First, here is a quick summary. Right from the start, the Program nudges the parties along. Within 45 days of service, the parties will attend an initial pretrial conference, and before that conference, notify the Court regarding:

  1. What documents they intend to seek
  2. The discovery schedule (including e-discovery)
  3. Any foreseeable discovery issues
  4. Whether they intend to mediate

But this is just a sampling of what parties must divulge. Although many judges have individual practices that require parties to address certain items in case management reports, the Program identifies 21 distinct issues parties should address prior to the initial pretrial conference. At that initial conference, the parties are required to provide the Court with an overview of the case issues and their discovery needs so the Court “can make a proportionality assessment and limit the scope of discovery as it deems appropriate.”

The Program also streamlines discovery. Providing a clear and significant benefit to defendants, after a Rule 12(b)(6) or 12(c) motion, discovery of documents and e-discovery can continue, but all discovery is stayed with respect to claims that are the subject of the motion. As for discovery disputes, the Court handles all of them with a short three-page letter, except for privilege and deposition disagreements. The Program urges judges to issue a decision within two weeks of submission.

For motion practice, the Program formalizes, in some respects, what many Southern District judges have adopted in their individual practice rules. For each motion, except motions for reconsideration, motions for a new trial and motions in limine, the Court will hold a pre-motion conference. The moving party must request the conference prior to filing the motion and seven business days prior to the conference. In a modest shift from the norm, for Rule 12(b)(6) motions to dismiss, either the Court orders the parties to discuss the dispute before the motion, giving plaintiff an opportunity to amend the complaint, or the Court holds a conference after the motion is made.

New final pretrial procedures seek to organize the parties, narrow the issues and facilitate a swift move to trial. Within 14 days after completion of fact discovery, the parties must file a Joint Preliminary Trial Report. Then, within 14 days of filing the Preliminary Report, the Court should hold a Case Management Conference to discuss the Preliminary Report and finalize the litigation schedule.

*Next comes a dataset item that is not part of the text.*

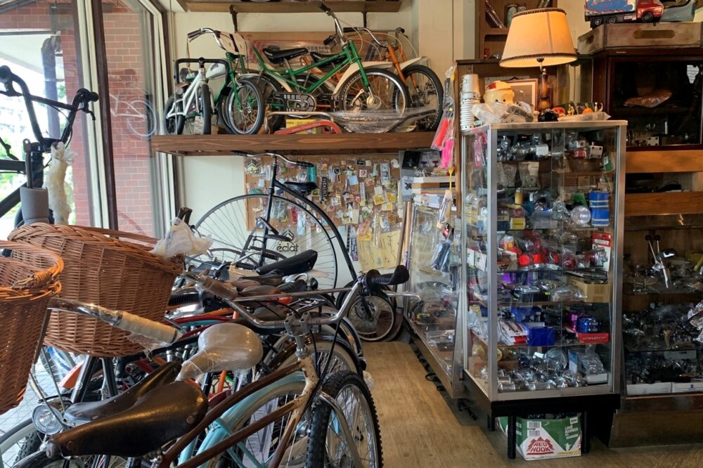 私が購入したプロムナードは一見フラットにも見えるが、わずかにライズがあるおかげでビンテージらしい佇まいも感じさせるもの。でも、これを逆さにつけるって? そんなこともありなのか!? 実際に当てがってみると確かにイケてる。天返しなどとも呼ばれる手法のようだ。さらにブレーキワイヤー類の長さの調整が必要かもしれないとのことで、小さなパーツ類も一応購入し、セルフカスタムの方法を聞いて、店を後にした。

Sound like a lot? Maybe, but the Southern District already seems to have moved in this direction, with several judges adopting some or all of the key components of the Program. Going forward, whether this Program becomes the norm depends on both the parties and the judges. The Program seeks to accelerate the pace of complex civil cases bogged down by that very complexity. The Southern District wants parties to talk more and file less. Both sides must show their cards early, identify their claims and defenses, make their document requests and decide on mediation. Judges already deal with large dockets of complex cases that present unforeseeable issues. For that very reason, these rules understandably contain many “shoulds” and “mays” – advisory words that leave latitude for the judges to modify scheduling orders. When the weight of those deadlines for quick decisions on complicated issues comes to bear, will courts buy time or plow forward? It’s unclear, but in 18 months, we may have an answer.